MADDOW: I mean, there’s no— The Beltway reaction to this does not involve any basic assessment of the fundamental proposals in the budget. Is that to be expected? Is that unusual in this case?

COLLINS: Well, everybody always likes it when somebody comes up with their own budget plan that’s now capable of being masticated and torn apart and ripped into shreds.

MADDOW: That’s what I want, though. I want the masticating!

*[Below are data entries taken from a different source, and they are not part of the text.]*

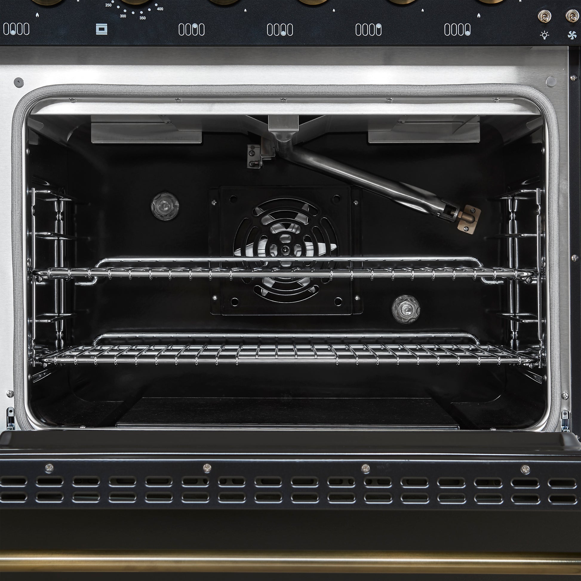 Elevate your cooking experience with the Forno Antico 48-Inch Gas Range. Featuring 8 sealed burners with a total output of 94,000 BTU, this range offers exceptional power and precision. Equipped with two dual-ring brass burners, it delivers up to 20,000 BTU for searing and as low as 1,000 BTU for delicate simmering, giving you unmatched versatility. The 3.5 cu.ft. convection oven and an additional 2 cu.ft. oven ensure ample space for all your baking and roasting needs. With a sleek black finish paired with antique brass accents, this range combines modern elegance with vintage charm. Continuous cast-iron grates provide stability, while the recessed enamel cooktop makes cleaning effortless. Backed by Forno's 2-year warranty, the Antico Gas Range delivers professional-grade performance and timeless design. Forno, lower the cost of living.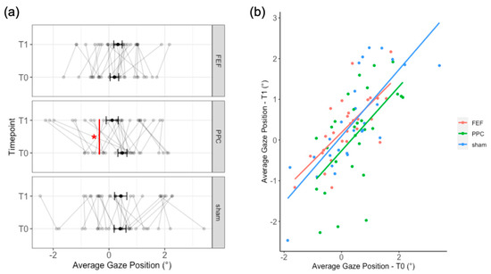 Figure 2. (a) Average gaze position relative to the center of the picture for each stimulation session and timepoint. Bold black lines represent the mean values with the standard errors, while individual performances are depicted with grey lines. The red line represents the significant post-hoc comparisons (pre-post LMM). After PPC tDCS (T1), as compared to its baseline (T0), participants’ gaze position shifted slightly to the left. (b) Regression lines for each stimulation on the baseline performance, as from the “baseline” LMM; * = p = 0.024.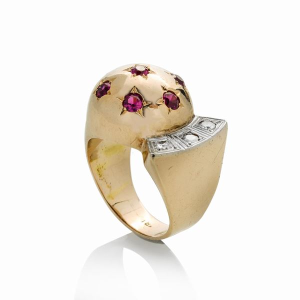 Anello in oro giallo, oro bianco, diamanti e pietre rosse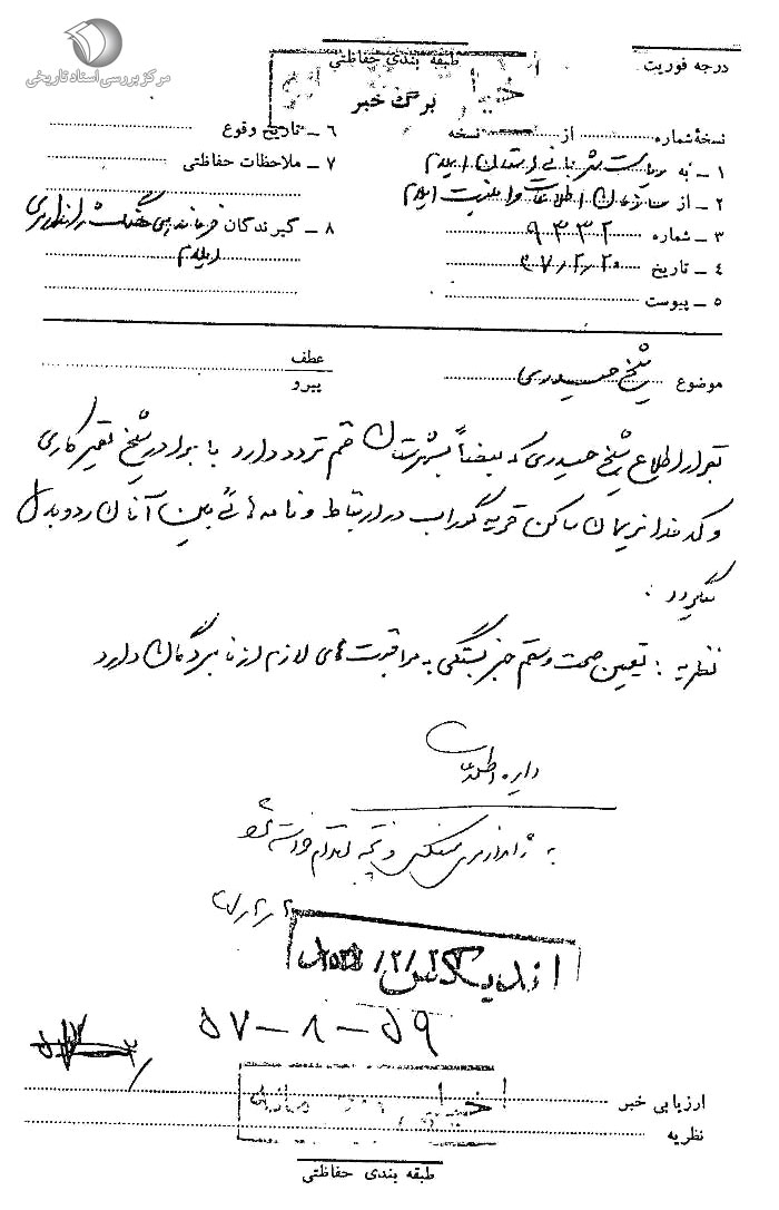 ١٥. مرکز بررسی اسناد تاریخی (۱۳۹۱)، یاران امام به روایت اسناد ساواک: آیتالله شیخ عبدالرحمن حیدری، ناشر: مرکز بررسی اسناد تاریخی، تهران.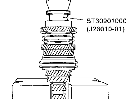 15. Install snap ring onto input shaft, and check that end play (gap between snap ring and groove) of 6th bushing satisfies standard.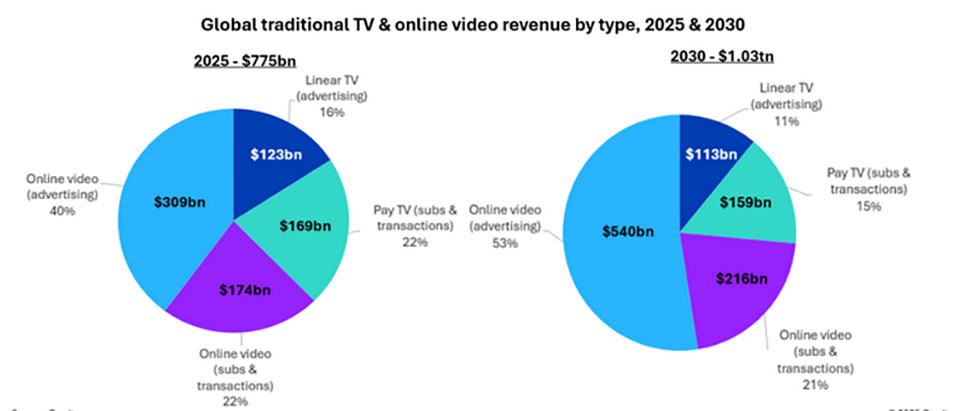 The global media and entertainment industry is approaching a historic financial milestone as combined revenues for traditional TV and online video are forecast to surpass 1.03 trillion dollars by 2030. According to data presented by Maria Rua Aguete, Senior Research Director at Omdia, during the FED Show in Madrid on March 31, 2026, this represents a massive structural shift from 775 billion dollars in 2025.
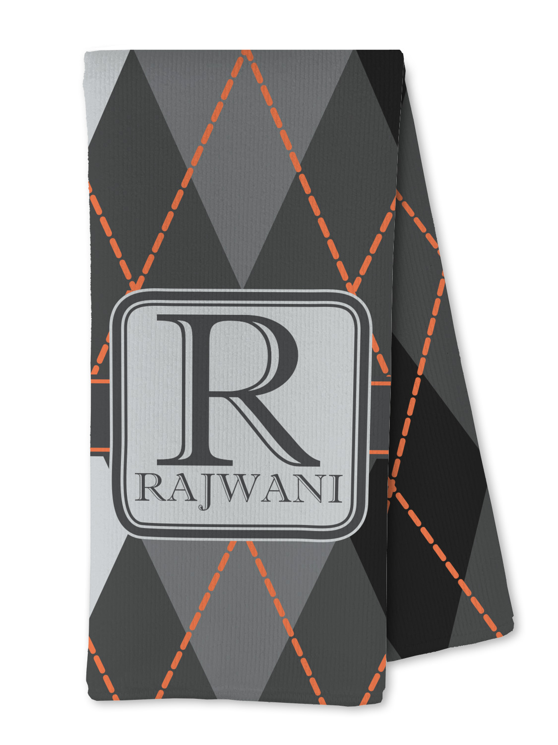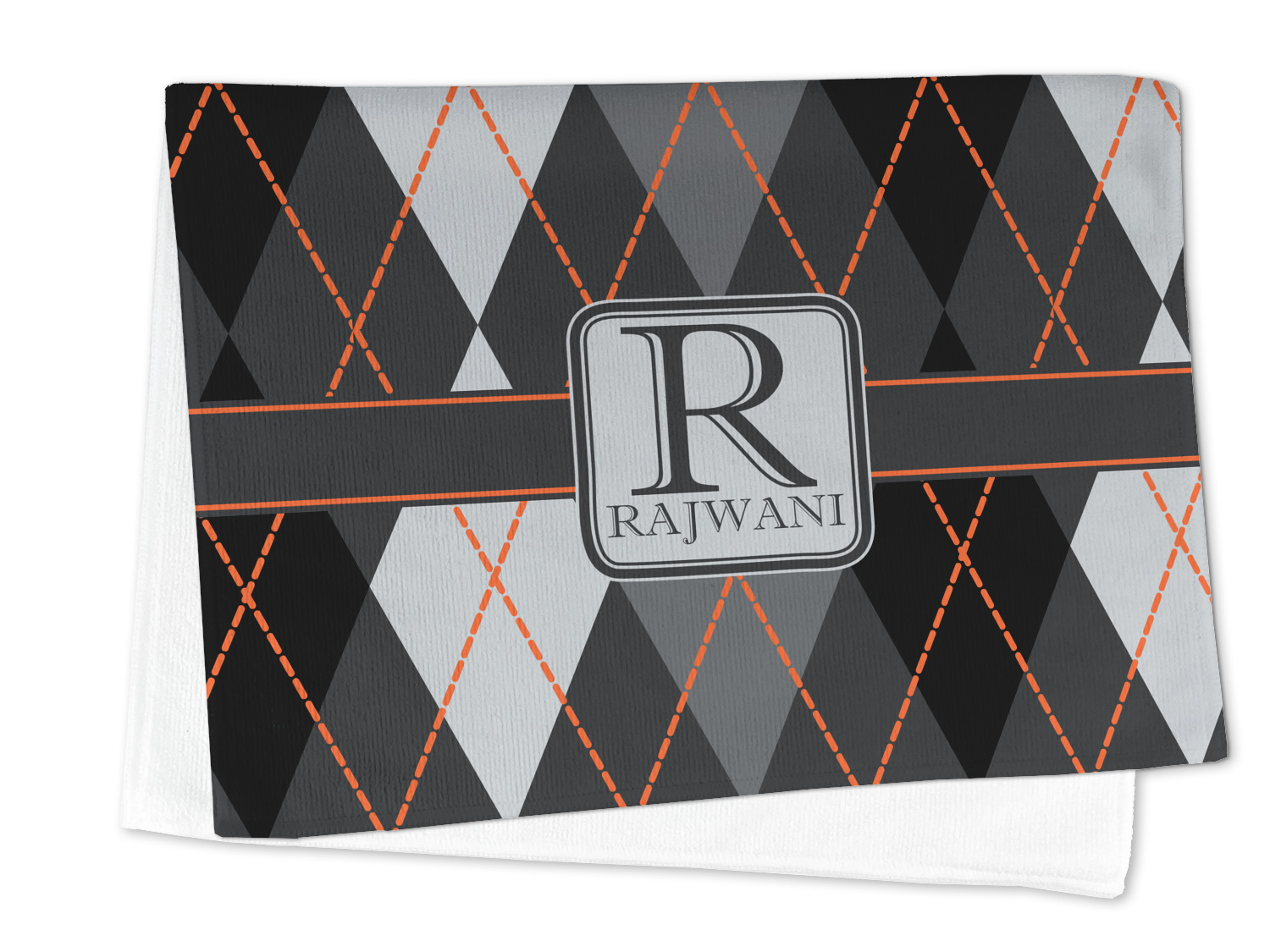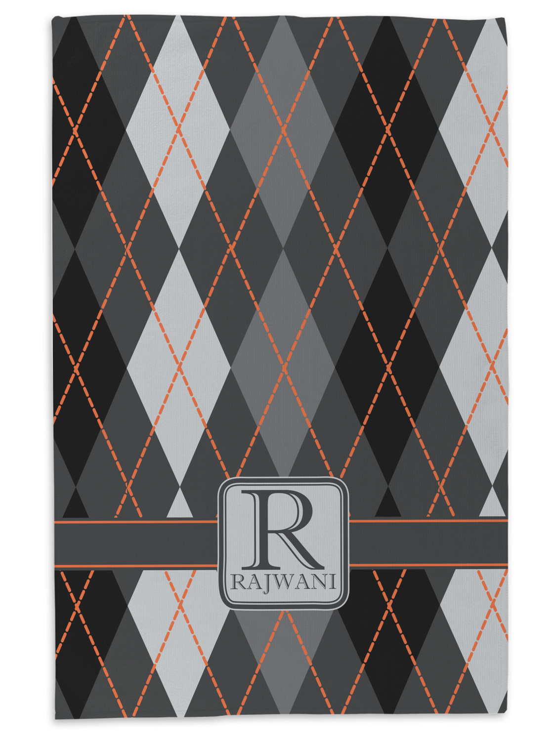 A wide charcoal gray band trimmed in orange divides the pattern to add interested and is used to highlight the slate grey square label. Add personalization of your choice.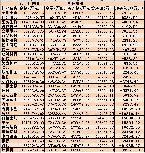 表:5月5日申萬一級行業兩融交易情況:

COLLINS: Absolutely. Plus, the whole world now knows they want to get rid of Medicare as we know it, and that’s very important.

You’re right—that response didn’t quite make sense, except as a diplomatic attempt to avoid contradicting Maddow. The same thing happened when “Hannity’s Child” fell for the third time:

MADDOW: But if you are a—if you are serious about the deficit, you cannot cut taxes for the richest people in the country by an additional 30 percent on top of leaving the Bush tax cuts intact. That will not get rid of the deficit. And yet, Paul Ryan is lauded coast to coast and on every show as this serious guy who’s really concerned about the deficit and doing what is serious about it. And there is no connection between what is attributed to him and what he has actually offered.

COLLINS: But he’s put it out. So now, we can discuss it.

He’s screwed everything up, it’s a big mess. The numbers are all wrong. He’s killing Medicare as we know it today. He’s doing nothing whatsoever about all the people who aren’t covered by health insurance right now. He’s ruining all the attempts to control medical spending. Medical costs are not going to go down at all.

He’s doing all those terrible things. So fine, he’s been brave. He works out in the morning. He’s got a better part [in his hair]. He put his numbers out, three cheers! And now, let’s talk about them.

For the third time, Collins avoided telling Maddow that the plan was being widely discussed in the Beltway press—and that Ryan was getting hammered.

Collins avoided Maddow’s error three times. Maddow ended by praising herself and her guest, as pundits will commonly do:

MADDOW (continuing directly): Well, while I have been complaining about nobody masticating, chewing over this budget, we have now just done it!

COLLINS: We did. There you are!

MADDOW: Thank you very much. Gail Collins, New York Times columnist, it’s always a pleasure to have you.

As usual, our Darling Girl had gone where no one else would!

Postscript: In her column the next morning, Collins didn’t discuss Ryan’s plan. Perhaps she will do so tomorrow, though it’s more likely that she will discuss Seamus, the abused Irish setter.